If you think this may have skewed the keyword searching of scientific databases a little, you would be right. But, not quite so much as my recent search for the latest developments in NMR spectroscopy itself, when I got a hit on scientific research into cigarette smoking that apparently used NMR and so would be perfect for my NMR column on the web. I quickly scanned the paper, and yes it looked fine, plenty of references to NMR and a hot topic, tobacco and alcohol abuse. I began to dig in to the research, but quickly realized that the NMR to which the team was referring was not any kind of spectroscopy at all, but simply nicotine metabolite ratio.
Imagine my disappointment. I contacted the researchers, ever hopeful, just in case there was a spectroscopic connection. There was none. This was purely a clinical study, although they did use one analytical tool an alcohol breathalyser to check that the volunteers in the study were abstemious.
A quick web search revealed far more spectroscopy references for the abbreviation, NMR, and very, very few for the nicotinic ratio. A scan of PubMed revealed a few papers mentioning the latter.
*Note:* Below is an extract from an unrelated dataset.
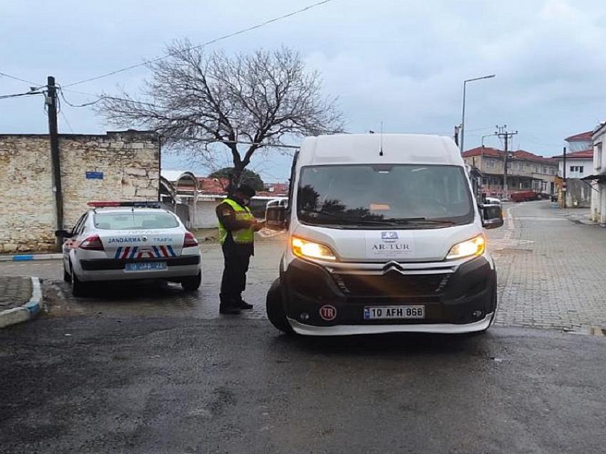 Balıkesir İl Jandarma Komutanlığı Trafik Timlerince, köy yolları ile cadde ve sokaklarda sürücüleri trafik kural, yasaklama ve kısıtlamalarına uygun şekilde araç kullanmaya yöneltmek, trafik kazalarını önlemek ve kaza sonucunda meydana gelen can ve mal kayıplarını en aza indirmek maksadıyla  "Servis Denetimi” faaliyeti gerçekleştirildi.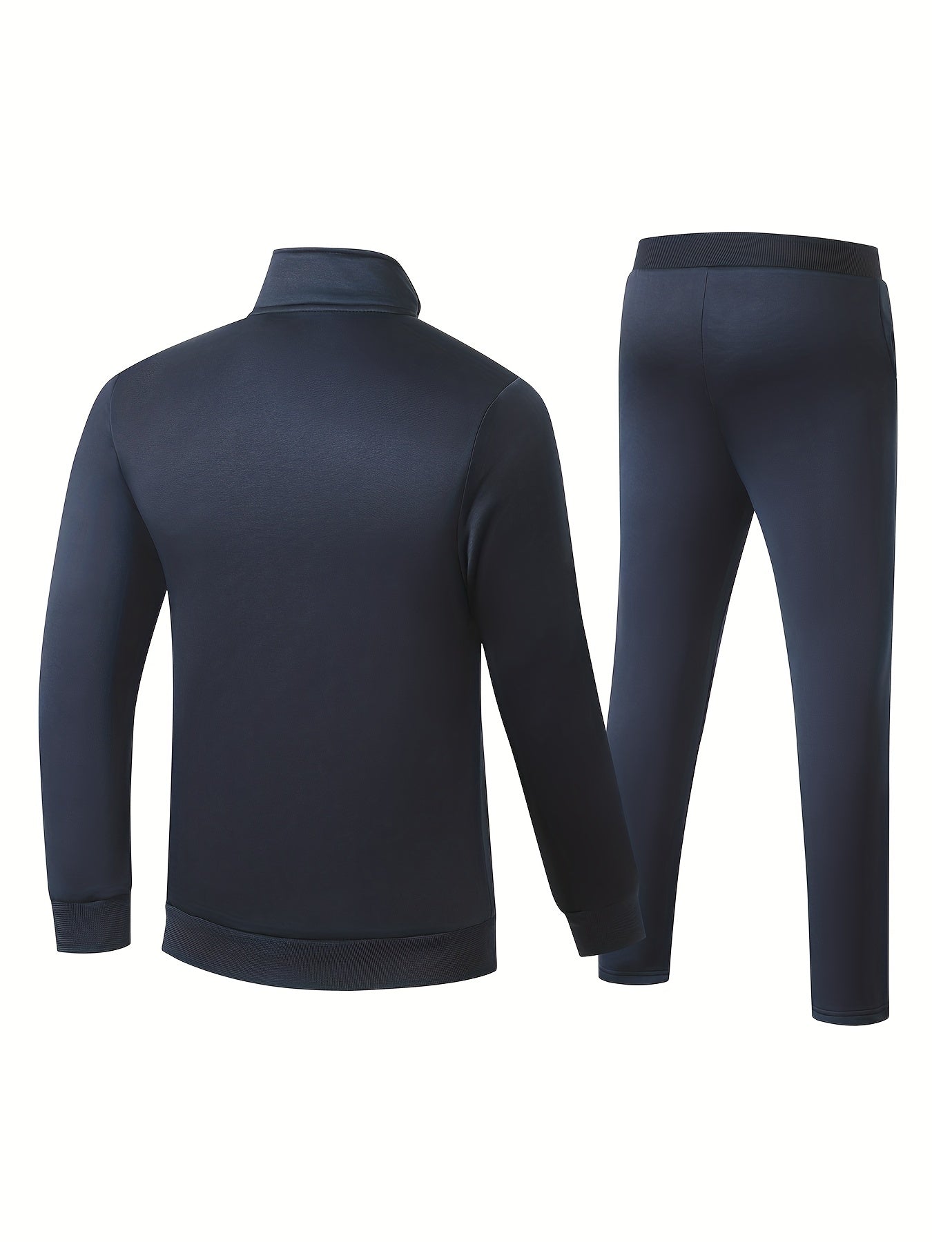 Men's Polyester Sports Suit with Zip-Up Jacket and Drawstring Pants for Outdoor Activities

However, one thing I noticed is that those papers also seemed to have invented some other low-grade abbreviations that are mentioned nowhere else…but overlap with more familiar abbreviations in other fields. Abbreviations should be defined on first mention in a paper or article, regardless. That’s basic stuff.
Anyway, it’s time for a moratorium on anachronistic acronyms. Before a paper ever passes must with referees, any abbreviations should be automatically checked against the Yearly Enervated Great Acronym Databases (YEGADS) and edited out if they overlap with any common terms. Of course, given the 1980s personal transporter invented by Sir Clive Sinclair, the C5, I might, under that regime, have to find a new name for my band…as would Peugeot with their C5 cars!!!